>>>>

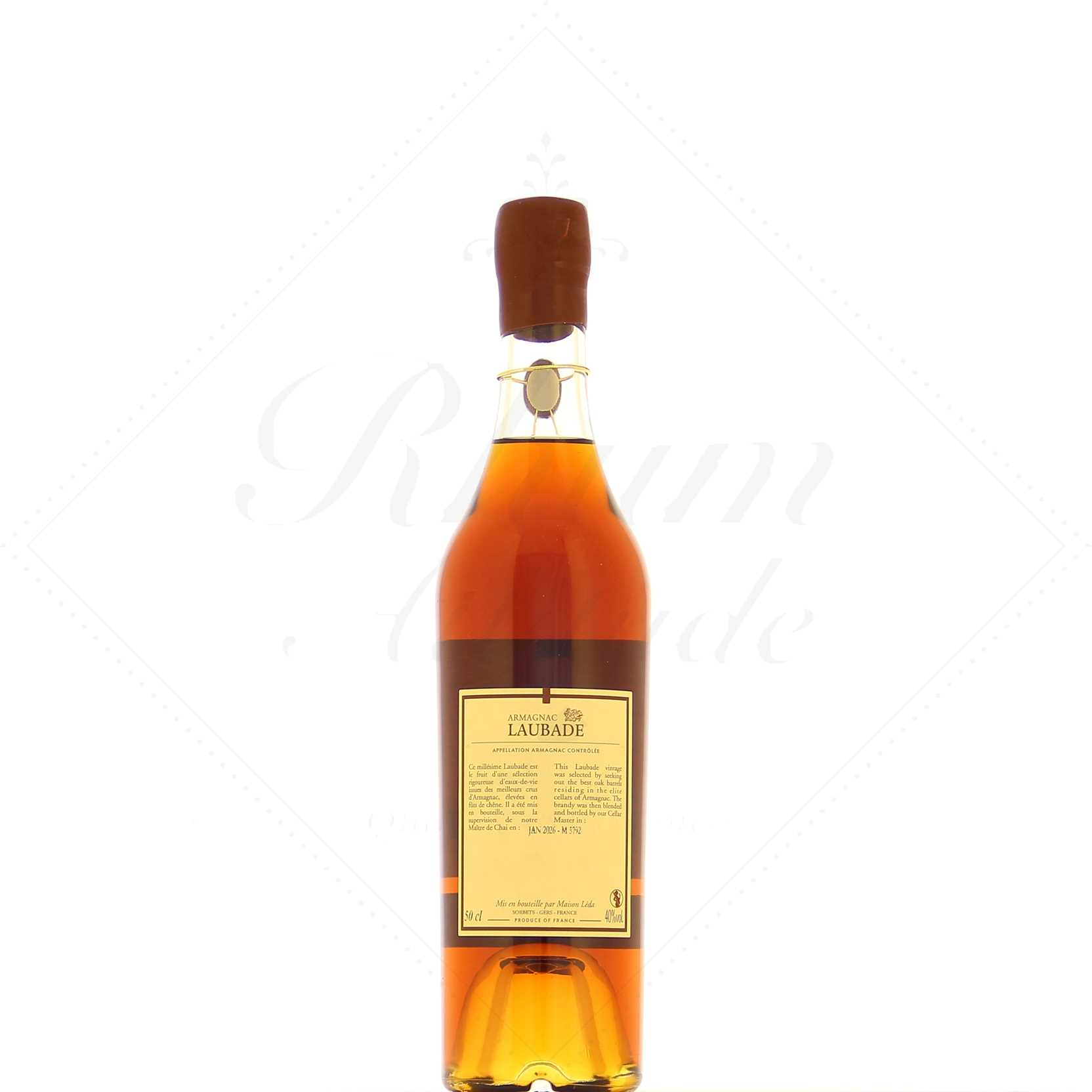 Il a été vieilli pendant 50 ans en fût de chêne gascon, avant d’être transféré en dame-jeanne afin de préserver ses qualités gustatives sans subir une trop grande perte de volume due à la part des anges. Les dames-jeannes sont entreposées dans le chai appelé « Le Paradis ».
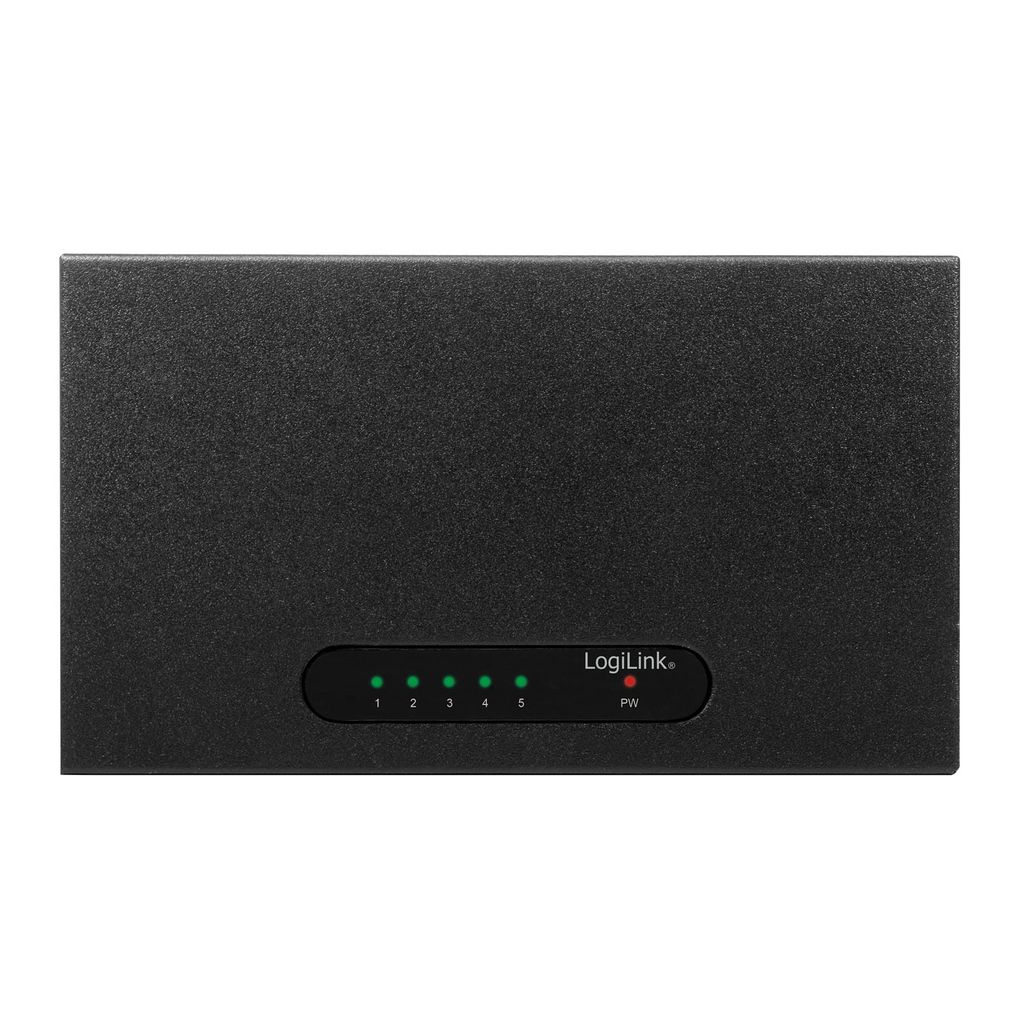 - LED-indikator: 1x Power LED-Green, 5x Port LEDs: Link/Activity-Green
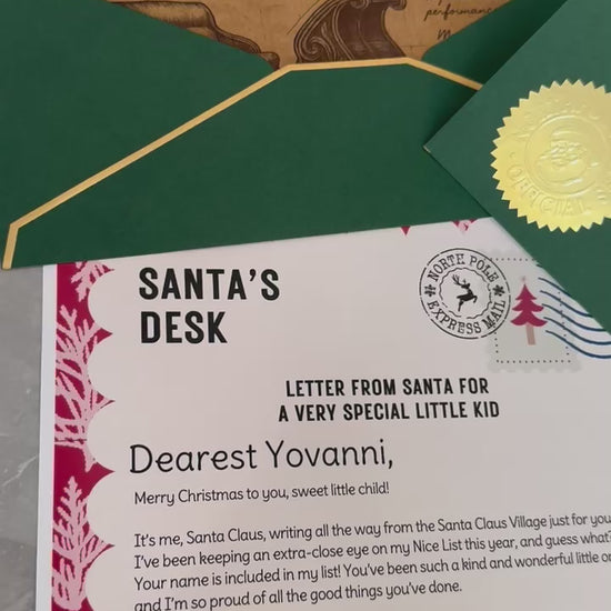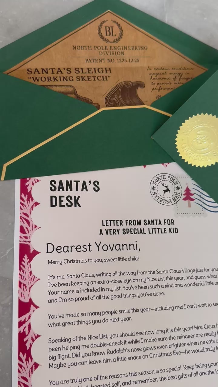 Make Christmas unforgettable with the Green Tier. Your personalized Letter from Santa’s Desk is printed on premium festive cardstock, wrapped with hand-tied natural rope, finished with a wax seal, and placed inside a green decorative envelope with gold trim. A keepsake your child will proudly treasure for years.

<<<<

Where pictures sit among the data above, omit them, and output the rest exactly.

- [SOLUTION]
 Il a été vieilli pendant 50 ans en fût de chêne gascon, avant d’être transféré en dame-jeanne afin de préserver ses qualités gustatives sans subir une trop grande perte de volume due à la part des anges. Les dames-jeannes sont entreposées dans le chai appelé « Le Paradis ».
 - LED-indikator: 1x Power LED-Green, 5x Port LEDs: Link/Activity-Green
 Make Christmas unforgettable with the Green Tier. Your personalized Letter from Santa’s Desk is printed on premium festive cardstock, wrapped with hand-tied natural rope, finished with a wax seal, and placed inside a green decorative envelope with gold trim. A keepsake your child will proudly treasure for years.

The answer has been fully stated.